Given that the resulting file has one molecule length per line. You can use the following R script to get the maximum likelihood parameters for the log-normal distribution:

src/approxDist.R testData/sizedata.dat.gz
Loading required package: survival
Loading required package: splines
     meanlog         sdlog
  5.1444983185   0.2885764766
 (0.0009125589) (0.0006452766)

The first number (5.1444983185) represents the "Location" for log-normal distribution whereas the second number (0.2885764766) represents the "Scale". Those parameters can now be used in leehom as --loc 5.1444983185 --scale 0.2885764766.

If you have no previous data, you can launch leehom using a uniform prior (default parameters). If you have modern DNA with relatively long insert sizes, you can use leehom as is.
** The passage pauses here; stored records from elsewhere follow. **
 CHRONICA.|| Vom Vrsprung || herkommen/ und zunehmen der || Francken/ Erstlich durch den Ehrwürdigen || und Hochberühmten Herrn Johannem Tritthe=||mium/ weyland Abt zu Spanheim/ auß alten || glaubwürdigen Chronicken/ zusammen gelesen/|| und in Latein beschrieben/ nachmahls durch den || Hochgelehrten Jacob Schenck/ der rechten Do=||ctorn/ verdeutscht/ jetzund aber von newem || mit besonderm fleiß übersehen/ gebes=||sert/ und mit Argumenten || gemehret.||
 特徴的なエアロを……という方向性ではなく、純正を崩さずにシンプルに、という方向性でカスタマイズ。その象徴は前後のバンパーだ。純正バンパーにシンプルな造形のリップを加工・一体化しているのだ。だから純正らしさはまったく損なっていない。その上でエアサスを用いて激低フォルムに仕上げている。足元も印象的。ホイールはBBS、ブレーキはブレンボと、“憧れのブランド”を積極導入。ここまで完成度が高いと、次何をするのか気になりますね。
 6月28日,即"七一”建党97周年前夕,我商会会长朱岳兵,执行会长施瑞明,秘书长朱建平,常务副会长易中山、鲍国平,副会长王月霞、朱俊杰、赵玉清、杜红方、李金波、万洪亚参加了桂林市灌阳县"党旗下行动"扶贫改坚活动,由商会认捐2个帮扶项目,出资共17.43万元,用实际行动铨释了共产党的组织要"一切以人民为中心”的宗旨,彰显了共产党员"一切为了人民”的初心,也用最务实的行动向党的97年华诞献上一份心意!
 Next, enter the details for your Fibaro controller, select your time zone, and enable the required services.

If you have ancient DNA and/or suspect that molecules are short, use the --ancientdna which will merge reads that share only a partial overlap if they have sufficient probabilistic support.

What if the adapters are stored in fasta files?
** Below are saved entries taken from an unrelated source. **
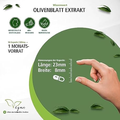 Sản phẩm Olive Leaf Extract 500mg Hochdosiert, Natural, Vegan, Standardized 20% Oleuropein, 90 Capsules, 3 Month Pack đang được bán với giá ưu đãi là $25.3316 tại nước Đức.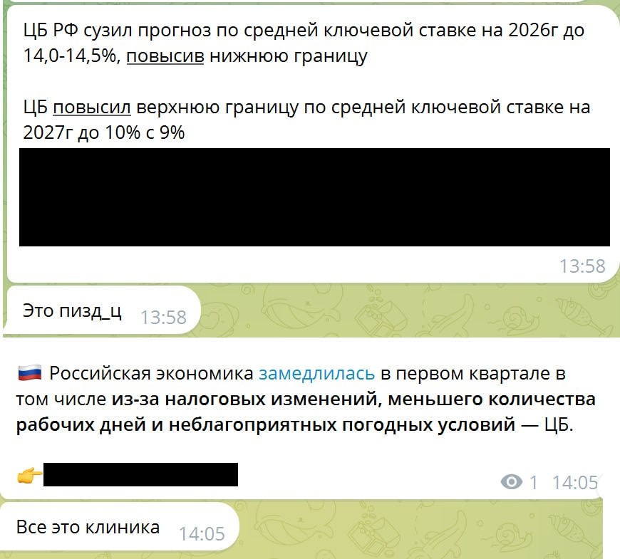 Инфляция замедляется. Нефть выше 100. Рынок акций чуток отскочил ото дна. Самое оно ещё и прогнозы по ставке повышать. "Шорты спасали как могли" (с) Ну или реально Путина валят у нас... Тогда интересные времена впереди. Так что люди. ☝️Подписывайтесь на канал по недвиге, там такой херни нет, только постоянная прибыль: 👉 https://t.me/ProfitGateRealty Канал по недвиге в Max: 👉 https://max.ru/ProfitGateRealty Ну и надеюсь вы понимаете почему на 90% находясь в недвиге я кайфую в такие моменты. Поскольку не надо ставить на откровенных дураков :)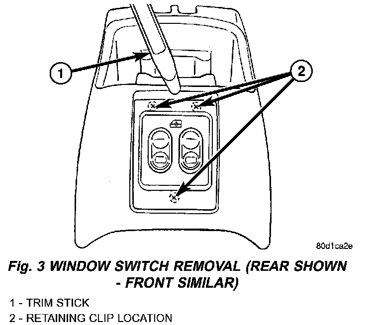 2. Using a trim stick (special tool #C-4755) or equivalent, gently pry at the top of the switch.

You can use a file descriptor for each. For example if they are stored as FASTA:

src/leeHom -f `cat /mydata/forward.fa | tail -n+2 | tr -d "\n"` -s `cat /mydata/reverse.fa | tail -n+2 | tr -d "\n"`

How do I get the sequence of the adapters?

Contact your sequencing center or core and ask them to send you the sequence of the sequencing adapters. They should be known in advance since, currently, leehom cannot infer the sequence but uses this information as a prior.
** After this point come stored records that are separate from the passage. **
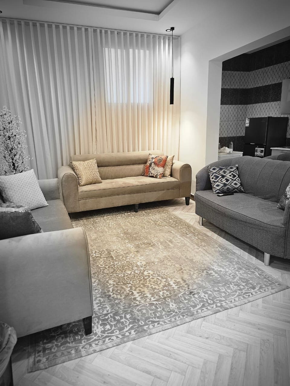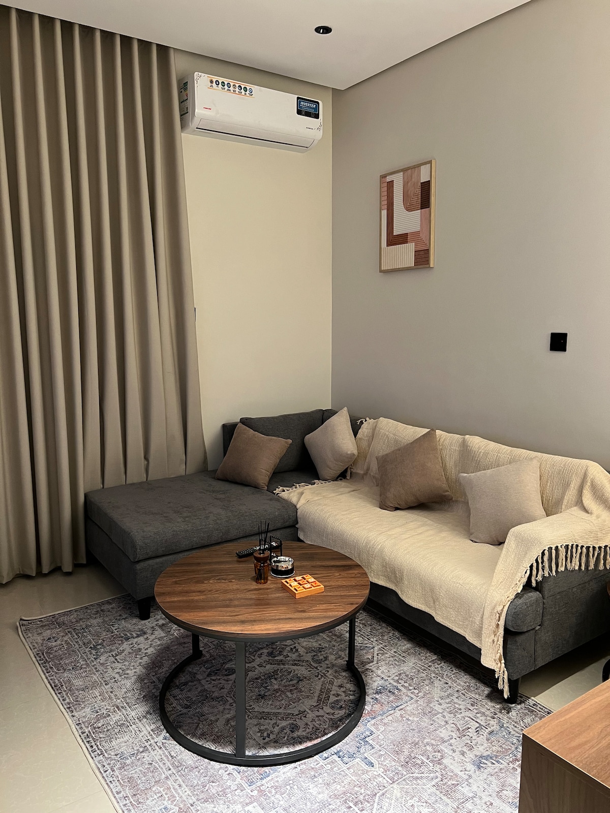 شقة بصالة أنيقة وغرفة نوم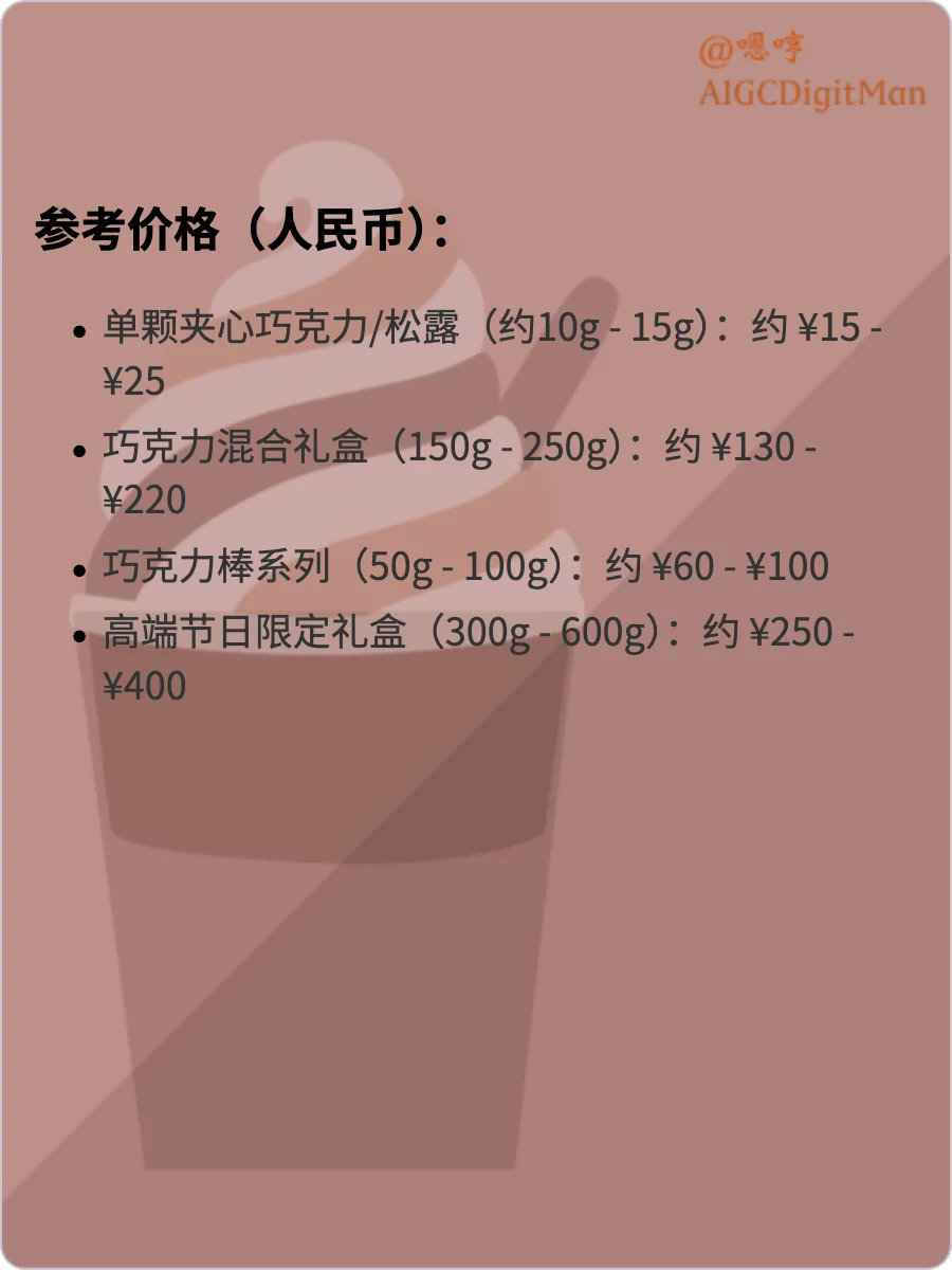 单颗夹心巧克力/松露(约10g - 15g):约 ¥15 - ¥25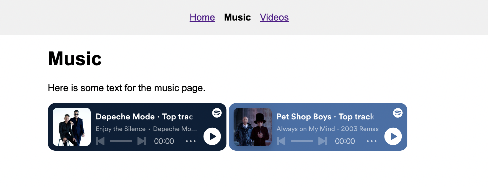 Inside the music.html file, add one or more embedded music players inside of the <section class="music-section"></section> region of your page. There are instructions on how to get the embed code of a Spotify artist profile, album, song, playlist, or podcast on Spotify's documentation page.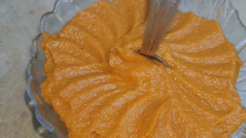 - Измельчить готовую икру погружным блендером или миксером.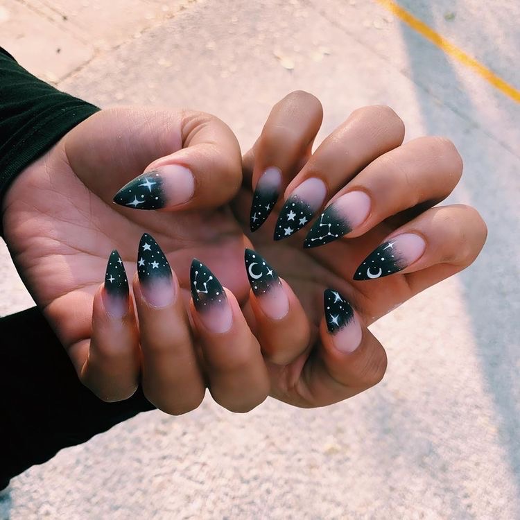 Unsurprisingly, abstract art nails are still super popular this fall. Abstract nails can range from a few sparkly swipes on a regular nail base to various colored swirls.

Does my BAM file have to be in a specific order?

For single-end, no. For paired-end, mate have to be consecutive in the file (i.e. First mate 1, second mate 1, First mate 2, second mate 2, etc.. ). This can be done by either using raw data from the sequencer or sorting by name.

Does my BAM file have to be unmapped?

BAM files can also be used to store unmapped reads. leeHom should be used prior to mapping since reads will map to a more accurate location if the adapters have been removed and overlapping stretches have been merged.

What do the FF tags in the BAM file mean?

Here is a table with the meaning for each FF flag:

FF Meaning
1 single-end reads trimmed
2 paired-end merged overlapping portions
3 paired-end trimmed and merged overlapping portions

Test data:

A small test set of 50,000 ancient DNA sequences from the Altai Neandertal can be found here: testData/rawAncientDNA.bam

To launch the reconstruction program for this test data set, use the following command:

src/leeHom -f AGATCGGAAGAGCACACGTCTGAACTCCAG -s GGAAGAGCGTCGTGTAGGGAAAGAGTGTAG --ancientdna -o testData/reconsAncientDNA.bam testData/rawAncientDNA.bam

The reconstructed ancient DNA fragments will be in testData/reconsAncientDNA.bam

For fastq data:

src/leeHom -f AGATCGGAAGAGCACACGTCTGAACTCCAG -s GGAAGAGCGTCGTGTAGGGAAAGAGTGTAG --ancientdna -fq1 testData/rawAncientDNA.f1.gz -fq2 testData/rawAncientDNA.f2.gz -fqo testData/outfq

The output files will have the testData/outfq* prefix.